On the other hand, we frequently see clients get hung up in creating the ideal reporting platform, and miss the forest for the trees. As much as standardization of information and pretty charts and graphs might be a nice end state objective, delaying SIOP progress will cause more harm than benefit. The most successful clients start with directionally correct, immediately available information and continually improve upon and refine the information with changing circumstances. They summarize key highlights into a few charts and graphs using PowerPoint and bring clarity to pivotal decisions through the SIOP process and executive SIOP discussion. As advanced BI functionality can be incorporated in a meaningful way, it will be a great addition to the process.

Do You Need Supply Planning Software to Support SIOP Success?
No, you don’t need a separate supply planning software to support SIOP success. For most clients, your ERP system will support your supply planning needs. Capacity planning, production planning, distribution / replenishment planning, material planning and logistics planning are supported with ERP. In some situations, an advanced planning software is preferred to support advanced replenishment needs and/or production scheduling requirements.

Whether you implement SIOP or not, this type of software better supports service, cost and inventory objectives in certain situations. For example, a consumer goods company used an advanced planning software to reallocate orders and capacity between sites and to replenish service centers to ensure high service levels to customers. Similarly, a healthcare products manufacturer supplied its customers’ locations (vendor managed inventory) based on replenishment methods with an advanced planning software.
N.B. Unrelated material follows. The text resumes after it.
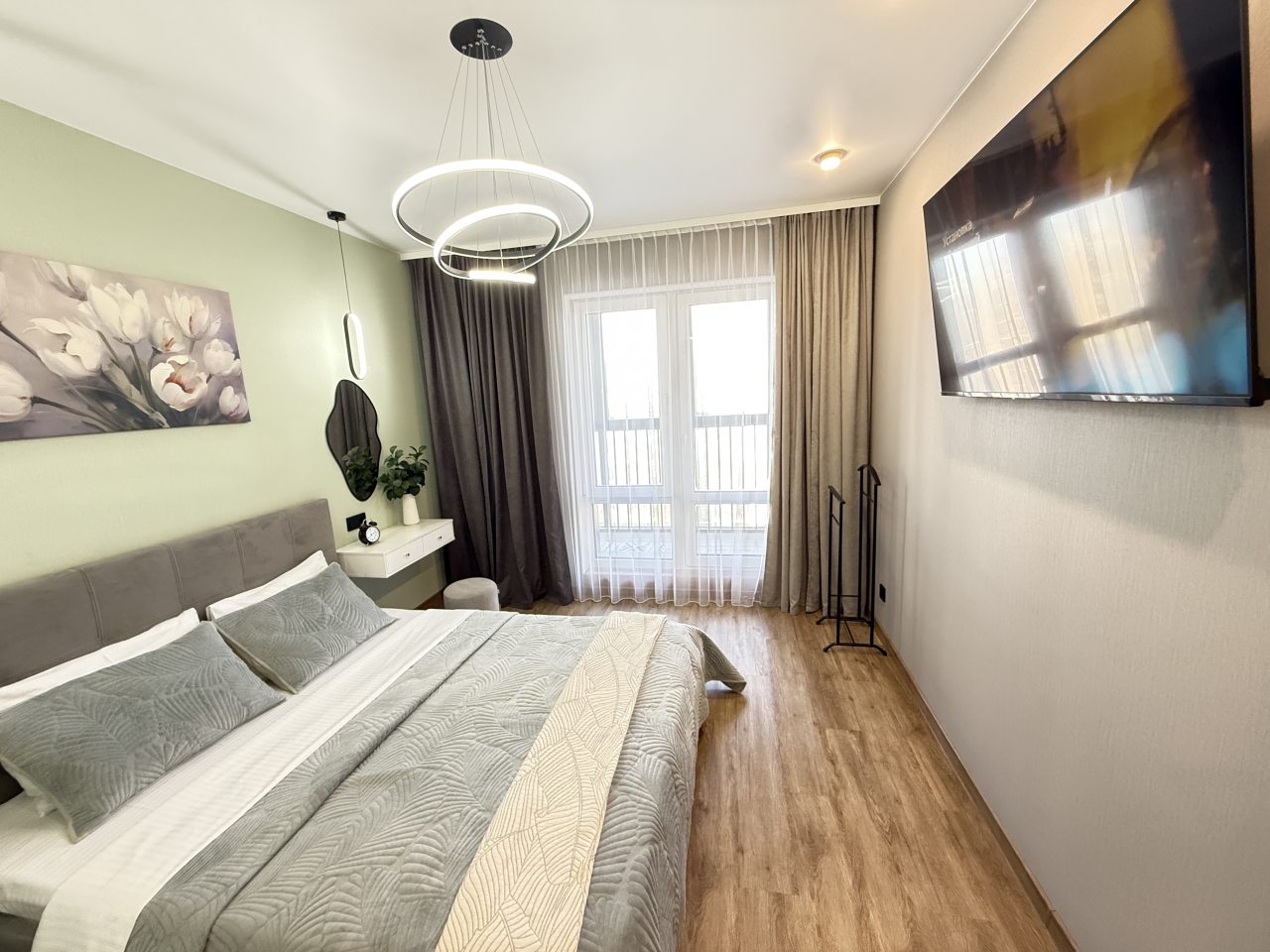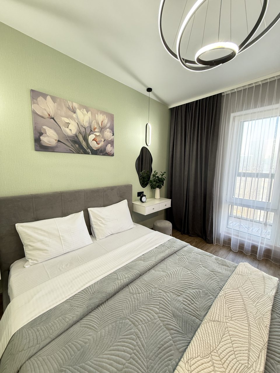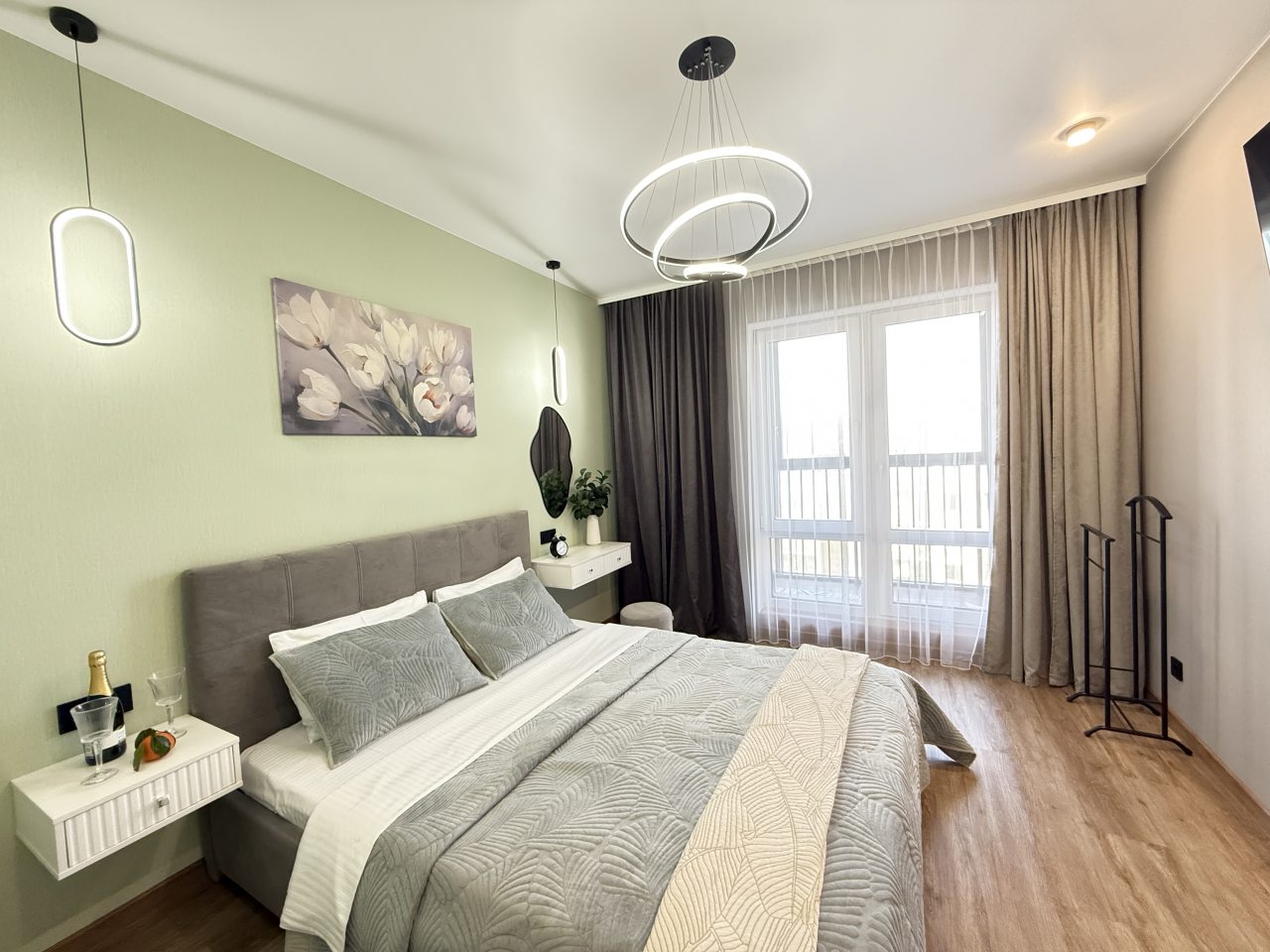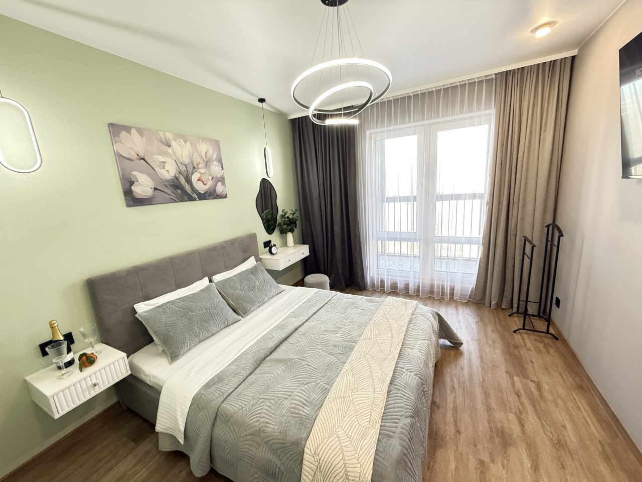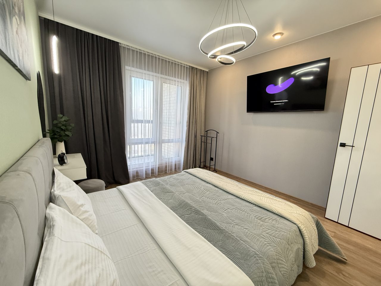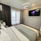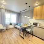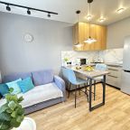 Стильная квартира оснащена комфортабельной мебелью и необходимой техникой: удобными спальными местами, обустроенной лоджией, ванной со стиральной машиной, интернетом и телевизором. Благодаря затемненным шторам и звукоизоляции в квартире — находящийся рядом аэропорт не будет нарушать покой гостей.

Do You Need Financial Planning & Analysis Software to Support SIOP Success?
No, you don’t need financial planning and analysis software to support SIOP success. Some ERP software options have robust financial planning capabilities whereas the rest will minimally provide data that can be used in Excel or with a separate financial planning software. Many clients already have add-on software modules to support financial planning, or they have set up business intelligence to support financial planning and analysis. Alternatively, they could utilize S&OP software analytic capabilities.

The Bottom Line on SIOP Software
If you research SIOP software, you’ll find several high-powered solutions rise to the top. However, in most instances, these SIOP software options will include demand planning, supply planning, advanced planning, financial planning, and related BI analytics. Thus, if you need one or more of these options or want to take your processes to the next level, it could make sense to pursue SIOP software. On the other hand, we’ve yet to find a situation where SIOP software was required to implement SIOP and gain substantial results. It is far more likely you’ll need a forecasting software or business intelligence/ reporting and analytics software to supplement your ERP system and support SIOP than anything else near-term.
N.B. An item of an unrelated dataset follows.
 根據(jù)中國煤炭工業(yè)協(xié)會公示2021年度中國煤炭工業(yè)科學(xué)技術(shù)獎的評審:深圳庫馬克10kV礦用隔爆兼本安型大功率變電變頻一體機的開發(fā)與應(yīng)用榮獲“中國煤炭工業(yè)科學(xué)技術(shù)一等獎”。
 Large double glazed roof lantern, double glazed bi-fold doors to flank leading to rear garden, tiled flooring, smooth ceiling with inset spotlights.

Different SIOP software options have different strengths in supporting different types businesses such as high volume consumer products companies to highly configured-to-order (CTO) and engineered-to-order (ETO) environments. There are also SIOP software options which are better known for strong demand planning functionality, strong financial planning and analysis capabilities, etc. Typically, these software options will only make sense for larger companies because the implementation cost can be substantial.

For the vast majority of companies, substantial progress and dramatic results can be achieved by implementing a SIOP process, using the existing ERP system and related data. In certain situations, a peripheral software such as forecasting and/or BI would add value although will not hinder progress. However, for the right situation and company, a SIOP software can add substantial value and increase sustainability. Thus, of course, the bottom line is that “it depends”.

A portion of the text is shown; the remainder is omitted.